Tuesday, December 29, 2009

China Marine

China Marine: An Infantryman's Life after World War 2
© Eugene Sledge 2003
192 pages


Last week I read Eugene Sledge’s With the Old Breed, a memoir of his experiences in the Pacific War. The memoir ranks as one of the most effective I’ve ever read in conveying the horrors of the front, so I looked forward to its sequel. His second memoir, China Marine, describes his experiences while occupying parts of China in the four-month period following the end of Japan’s surrender and his reintegration into civilian life. I knew nothing of the United States’ partial occupation of China, which I surmise was done to effect the repatriation of Japan’s soldiers there.

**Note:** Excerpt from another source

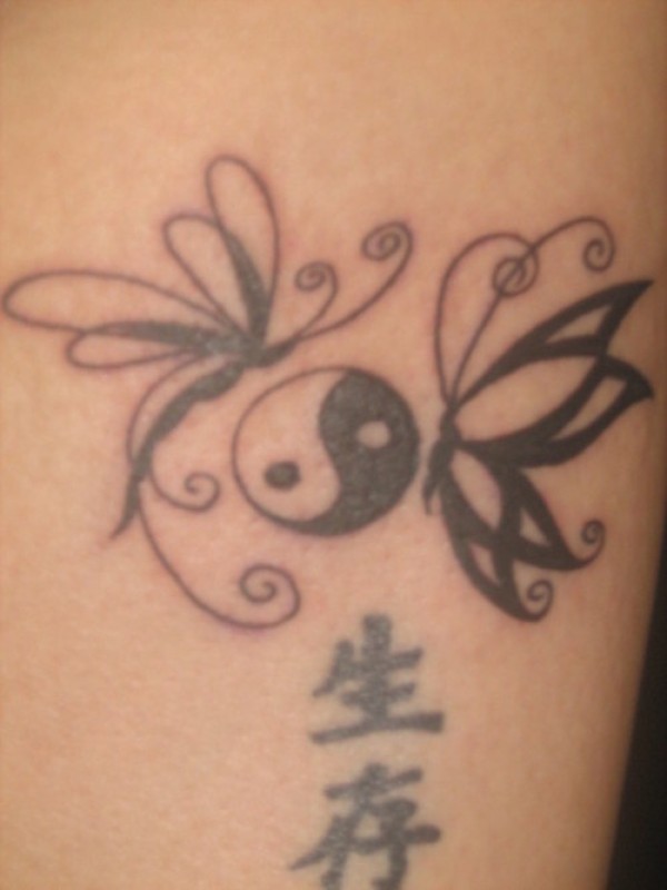 阴阳八卦和蜻蜓蝴蝶纹身图案

China serves as a midpoint for Sledge and his fellow soldiers: although they maintain the discipline of Marine life while patrolling and tending to guard duty, they are also able to enjoy the rudiments of civilization. Immediate postwar China is home to four armed forces:  the remnant of Japan’s Kwantung army, American occupational troops,  and the Chinese Nationalist and Maoist armies. Although the United States is not officially involved in the Chinese civil war, the US government does provide transport to Nationalist soldiers and American troops sometimes stumble into conflicts between the Chinese forces, sometimes dying in the process. The intermittent and wholly unpredictable dangers of guard duty do little to alleviate the mentally stressed condition of combat veterans, but Sledge’s experience appears to have been more restful than not.  This first four-fifths of the memoir was a new experience for me, having read nothing of China during this time or of American troops inside.

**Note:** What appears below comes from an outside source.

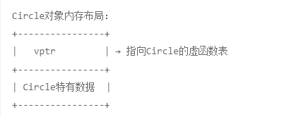 - Circle对象中有虚函数表指针,再才是Circle特有数据

The remaining one-fifth of the book covers Sledge’s return to the United States and civilian life, where he is dismayed at how much his fellow citizens take for granted and how quick they are to complain about what he sees as trivialities -- laborers striking for better working conditions attack his ire within minutes of landfall*. Sledge’s believes that his introduction to academic life allowed him to recover from the war more easily: the mental rigors required to obtain his doctorate in biology keep thoughts of war far from mind. The memoir bears out the ways Sledge’s life changed owing to the war: not only did it give him a greater appreciation for the simple things in life (clean, dry, and warm socks for starters) but it ended his hobby of hunting.

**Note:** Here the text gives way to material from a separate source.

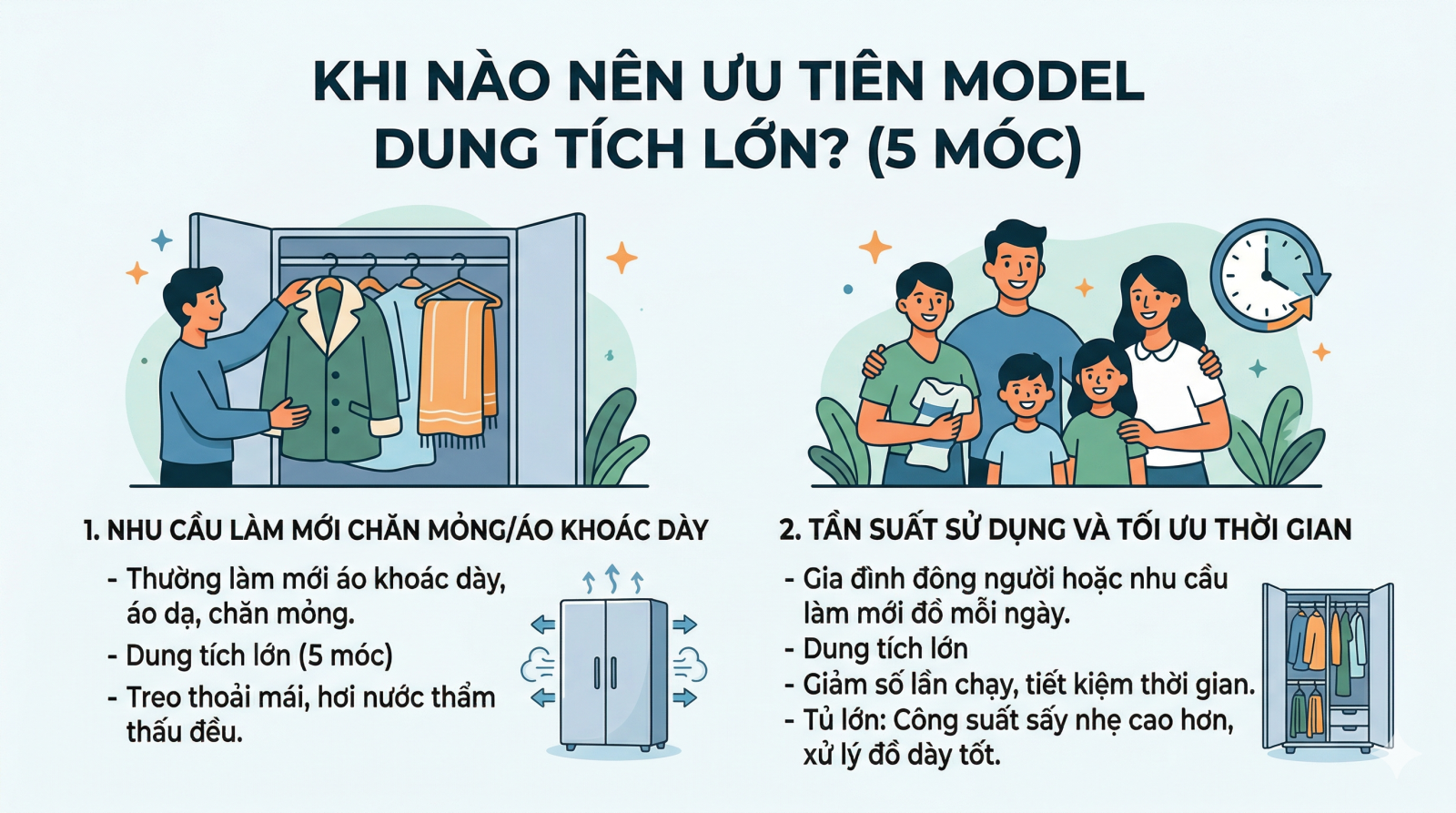 Gia đình đông người hoặc có nhu cầu làm mới đồ mỗi ngày nên chọn tủ dung tích lớn để giảm số lần chạy và tiết kiệm thời gian. Tủ lớn cũng có công suất sấy nhẹ cao hơn, giúp xử lý tốt đồ dày.

Although the book is an easy read and has information worth nothing, it seems much less focused than With the old Breed and I sometimes wondered what the point of what I was reading was. The bottom fifth of the book seemed particularly rushed, but overall Sledge’s second memoir will be of interest to those interest in the lives of postwar soldiers.


* Sledge's hostility toward the laborers was disagreeable for me, but to be fair, according to him, one of them carried a sign comparing management to Hitler.